Supplied information: Begin

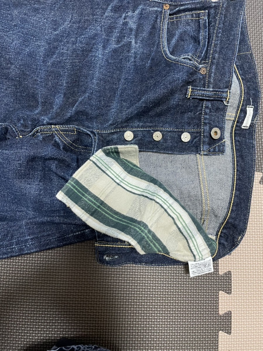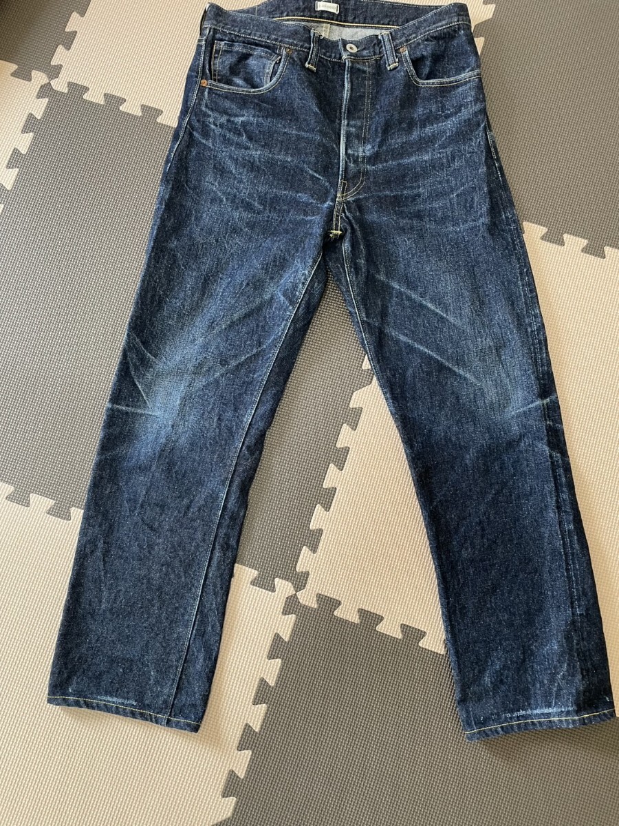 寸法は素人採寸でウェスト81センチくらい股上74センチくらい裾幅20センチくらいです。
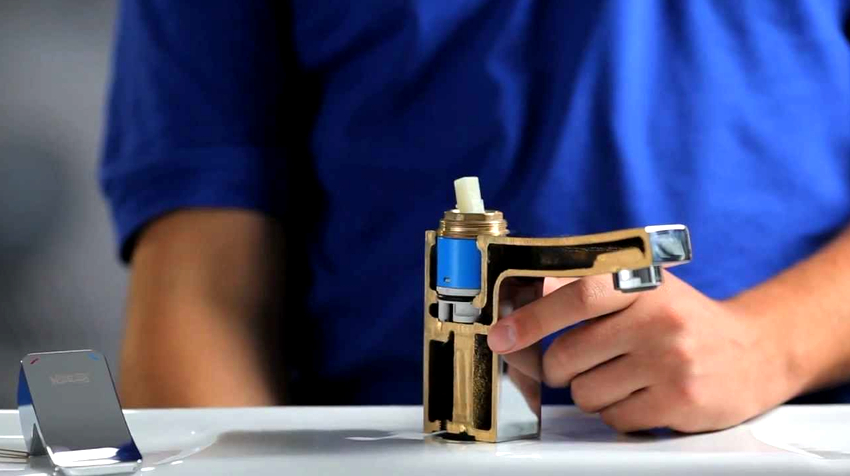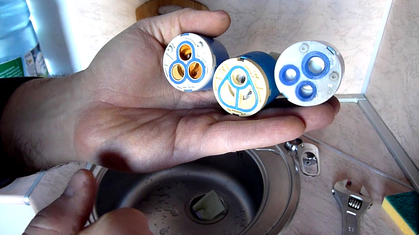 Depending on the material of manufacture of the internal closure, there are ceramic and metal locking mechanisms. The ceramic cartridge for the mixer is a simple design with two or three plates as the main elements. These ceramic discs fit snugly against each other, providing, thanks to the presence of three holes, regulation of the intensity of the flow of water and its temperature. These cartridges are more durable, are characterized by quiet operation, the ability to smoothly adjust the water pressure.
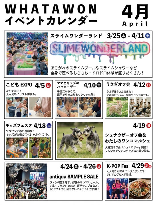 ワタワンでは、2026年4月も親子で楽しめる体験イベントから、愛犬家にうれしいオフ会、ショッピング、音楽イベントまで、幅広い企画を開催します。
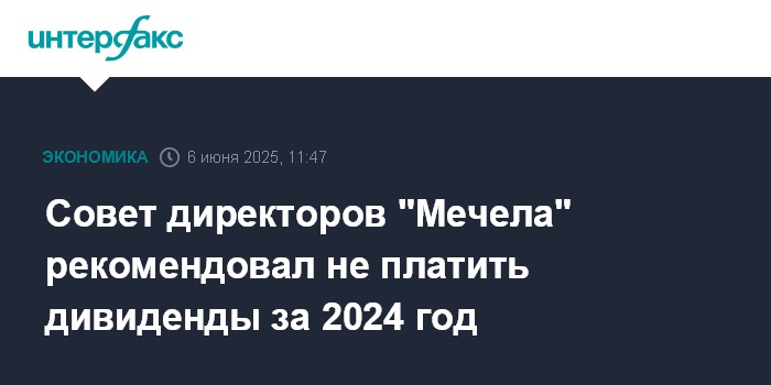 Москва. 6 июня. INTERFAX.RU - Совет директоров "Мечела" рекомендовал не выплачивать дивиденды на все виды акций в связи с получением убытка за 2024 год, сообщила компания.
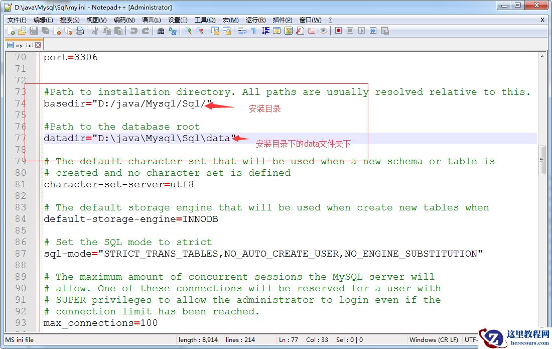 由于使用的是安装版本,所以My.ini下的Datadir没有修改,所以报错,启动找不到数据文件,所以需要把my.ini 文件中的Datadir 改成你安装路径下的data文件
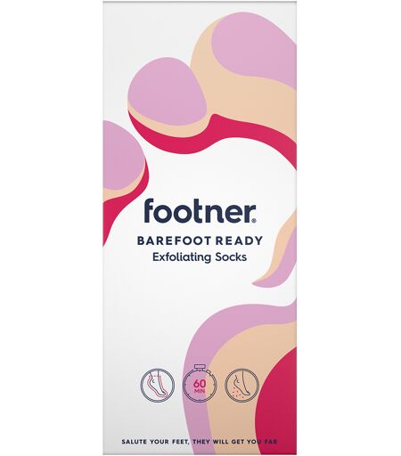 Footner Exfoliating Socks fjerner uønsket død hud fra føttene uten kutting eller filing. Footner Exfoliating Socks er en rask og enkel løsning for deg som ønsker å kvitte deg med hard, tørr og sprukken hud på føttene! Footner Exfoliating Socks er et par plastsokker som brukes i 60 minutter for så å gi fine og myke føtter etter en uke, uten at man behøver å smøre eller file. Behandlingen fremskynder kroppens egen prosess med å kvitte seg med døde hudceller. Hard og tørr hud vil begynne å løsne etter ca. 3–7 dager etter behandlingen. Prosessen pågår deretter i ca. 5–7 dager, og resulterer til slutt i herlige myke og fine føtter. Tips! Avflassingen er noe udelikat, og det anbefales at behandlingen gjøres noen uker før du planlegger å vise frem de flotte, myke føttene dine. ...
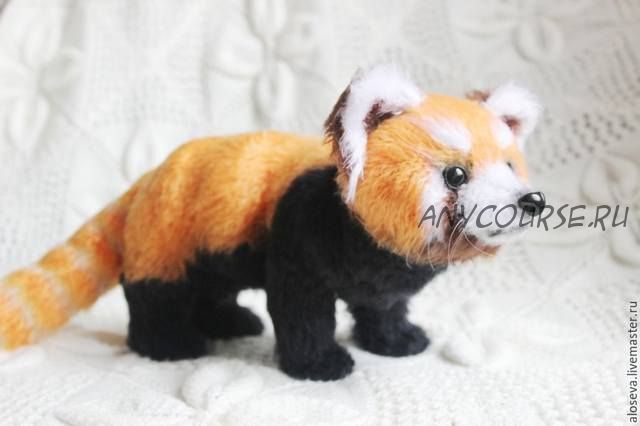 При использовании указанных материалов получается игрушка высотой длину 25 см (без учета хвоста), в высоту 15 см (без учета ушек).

Supplied information: End

**What you are asked to do**
Return all the data exactly, pictures omitted.

**Task response**
 寸法は素人採寸でウェスト81センチくらい股上74センチくらい裾幅20センチくらいです。
 Depending on the material of manufacture of the internal closure, there are ceramic and metal locking mechanisms. The ceramic cartridge for the mixer is a simple design with two or three plates as the main elements. These ceramic discs fit snugly against each other, providing, thanks to the presence of three holes, regulation of the intensity of the flow of water and its temperature. These cartridges are more durable, are characterized by quiet operation, the ability to smoothly adjust the water pressure.
 ワタワンでは、2026年4月も親子で楽しめる体験イベントから、愛犬家にうれしいオフ会、ショッピング、音楽イベントまで、幅広い企画を開催します。
 Москва. 6 июня. INTERFAX.RU - Совет директоров "Мечела" рекомендовал не выплачивать дивиденды на все виды акций в связи с получением убытка за 2024 год, сообщила компания.
 由于使用的是安装版本,所以My.ini下的Datadir没有修改,所以报错,启动找不到数据文件,所以需要把my.ini 文件中的Datadir 改成你安装路径下的data文件
 Footner Exfoliating Socks fjerner uønsket død hud fra føttene uten kutting eller filing. Footner Exfoliating Socks er en rask og enkel løsning for deg som ønsker å kvitte deg med hard, tørr og sprukken hud på føttene! Footner Exfoliating Socks er et par plastsokker som brukes i 60 minutter for så å gi fine og myke føtter etter en uke, uten at man behøver å smøre eller file. Behandlingen fremskynder kroppens egen prosess med å kvitte seg med døde hudceller. Hard og tørr hud vil begynne å løsne etter ca. 3–7 dager etter behandlingen. Prosessen pågår deretter i ca. 5–7 dager, og resulterer til slutt i herlige myke og fine føtter. Tips! Avflassingen er noe udelikat, og det anbefales at behandlingen gjøres noen uker før du planlegger å vise frem de flotte, myke føttene dine. ...
 При использовании указанных материалов получается игрушка высотой длину 25 см (без учета хвоста), в высоту 15 см (без учета ушек).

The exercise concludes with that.